Whenever you see someone walking around the store or driving in their car talking without holding a phone, you assume they are using a Bluetooth headset. Even though I see this quite often, it still strikes me as funny seeing people just walking along when it looks like they are talking to themselves.

I have really never had a reason to use a headset like this and am also concerned about the possible radiation. I don't know if there have ever been any conclusive studies on whether the constant use of cell phones has negative effects on our health in the long run.

If there are negative health consequences, adding a wireless headset would only seem to make it worse in my opinion. As long as I am not required to use something like this I don't intend on buying one. If I have to make a phone call when I am driving I pull over or wait until I am at my destination before pulling out my phone.


@SarahSon-- I tried using a Bluetooth headset for awhile but gave up on it. Not only did I not like having something next to my ear like that, but I couldn't seem to hear very well when I was using it.

I don't know if I had a bad connection because I had a cheap headset, but there always seemed to be too much background noise. I thought this would be really convenient at first, but now the headset sits in my drawer and never gets used.


I have seen several office personnel use Bluetooth headsets while they are working at their desk. If they are on the phone a lot during the day, this frees their hands to work and do other things while they are using the phone. I have never used a headset like this and wonder how long it takes to get used to something like this attached to your ear?


My husband drives a commercial vehicle and has to use a Bluetooth headset if he wants to talk on his cell phone while driving. Our state recently passed a law saying you could not manually talk on your cell phone while you are driving any commercial vehicle.
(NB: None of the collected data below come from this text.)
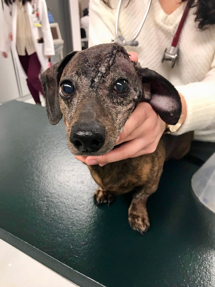 “Her head looks great, other than her crooked ear,” Dymeck said of her pet’s post-operation look.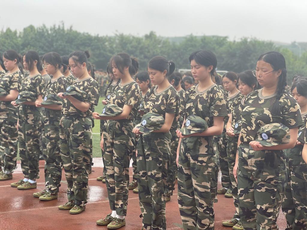2021级全体军训学生列队国旗下,举行升国旗降半旗仪式,并在国旗下集体默哀三分钟,表达对革命先烈们的深刻缅怀和敬仰之情。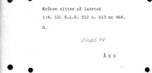 //// Kråkan sitter på ladetak //// 1:4. LU. S.L.S. 512 s. 813 nr 464. //// N. //// ÅBO ////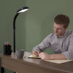 Hastings Home Natural Sunlight Desk Lamp With Adjustable Gooseneck For Home And Office – Silver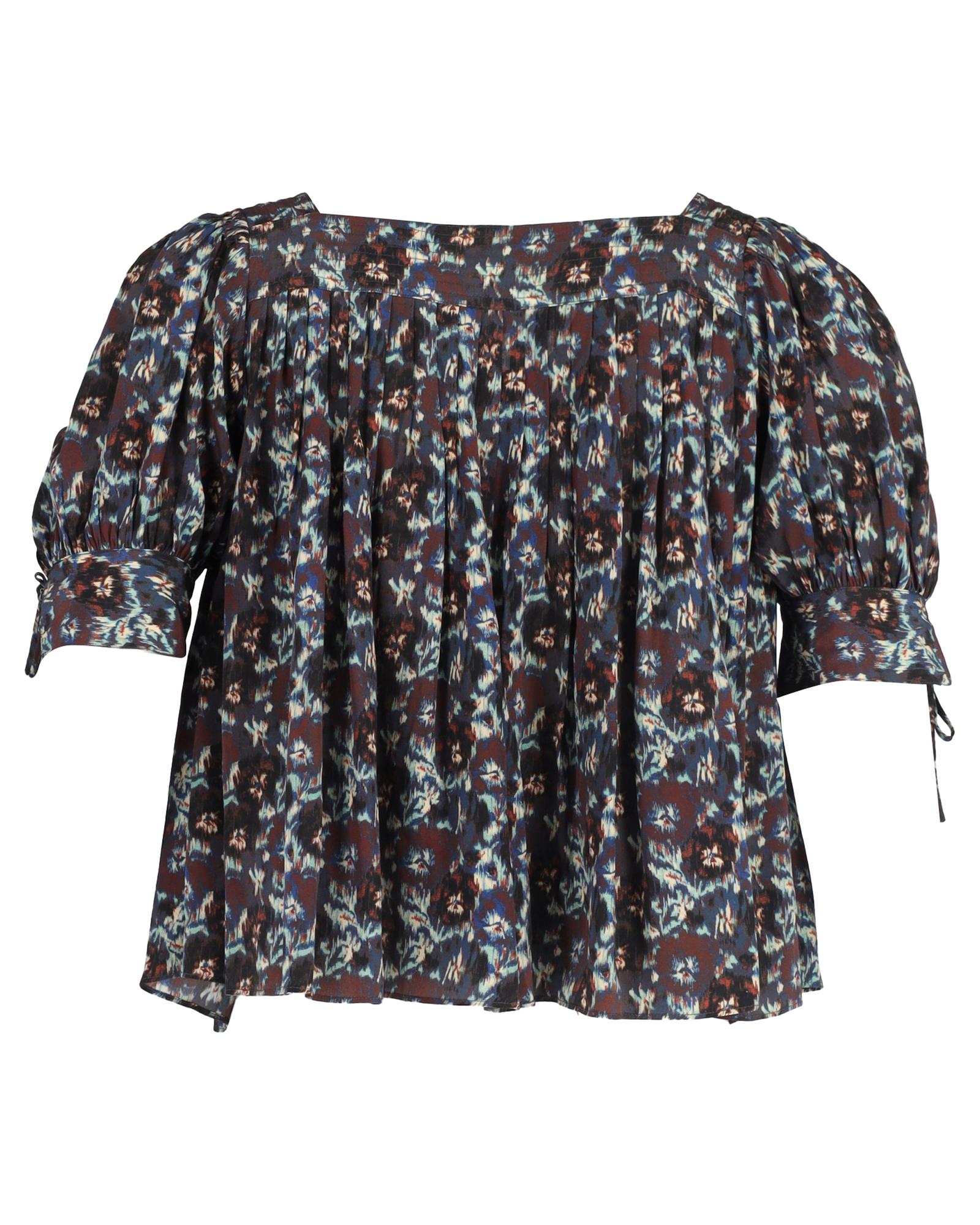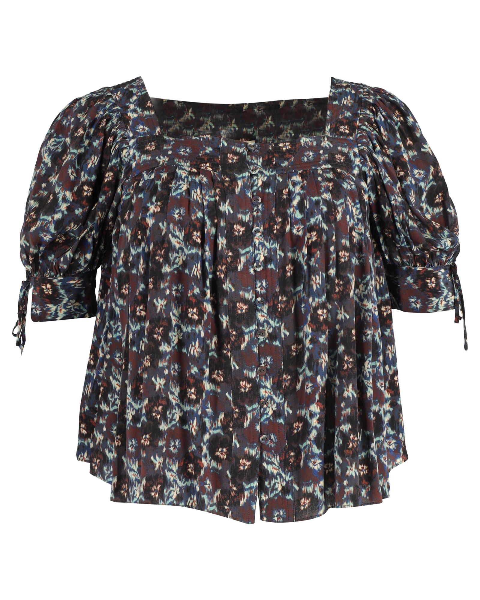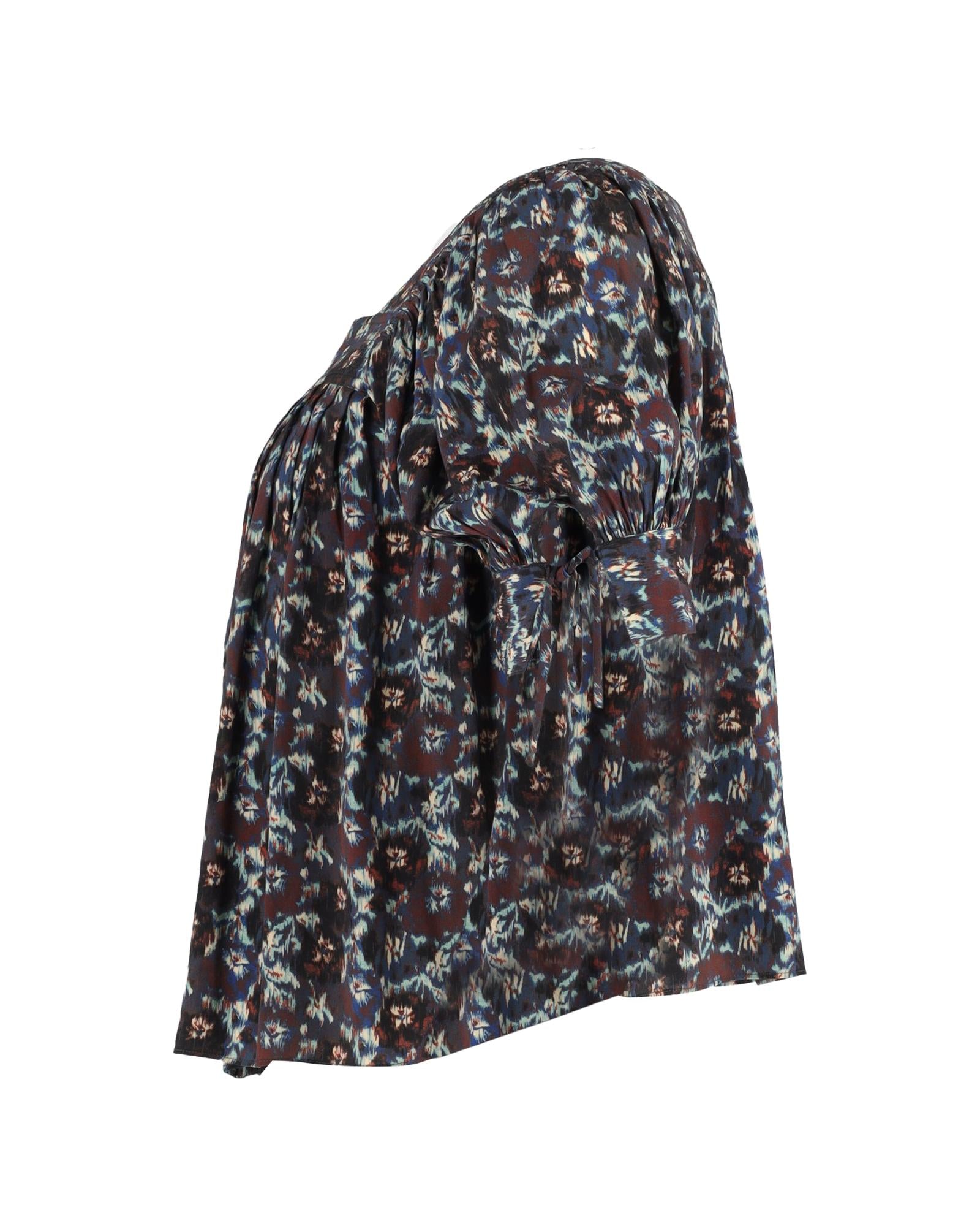 Pre-owned Printed Silk Blouse Puff Sleeves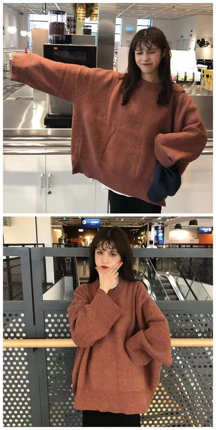 Зимний женский свитер, новинка, свитер в Корейском стиле, однотонны...
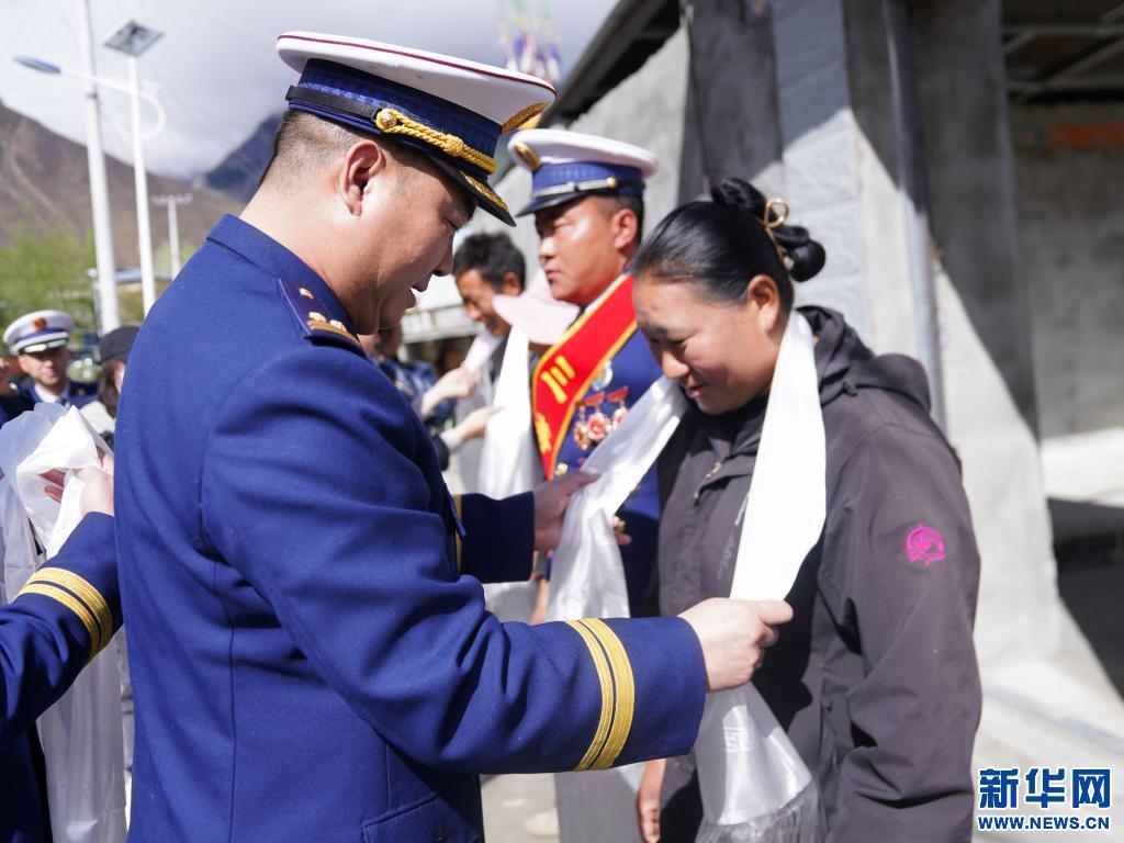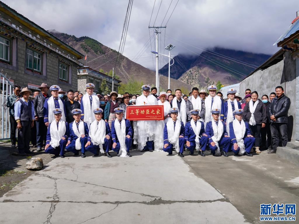 西藏林芝市朗縣洞嘎鎮聶村村民夾道歡迎榮立三等功的消防員洛桑頓珠(4月15日攝)。(李國燾攝 新華網發)

I think this is a good safety precaution and wouldn't be surprised if many more states begin passing something like this. I am sure not everyone follows this rule, but the fine is pretty high if you get caught. I think some states may also pass something like this if you are driving any kind of vehicle.

Right now you are fined if you are caught sending a text while you are driving, but we can still talk on our cell phones without being fined. Using a Bluetooth headset makes driving and talking on your cell phone so much safer for everyone.


I have the same concern as jankutts. The real question is does the headset only transmit RF energy when I'm actually making a call? or is it continuously communicating with the cell phone in between calls. If it's the latter, then even though it's low power, I'm getting a continuous dose of radiation as long as I'm wearing the headset (all day).


The article above was interesting and i myself am using a bluetooth headset with my mobile!

I just want to know whether it is safe to wear the blue tooth device on one's ears all day long, coz the bluetooth radiations might affect our health right? like how they say aboue the radiations transmitted while talkin on the mobile phone!

Kindly pass your comments ASAP!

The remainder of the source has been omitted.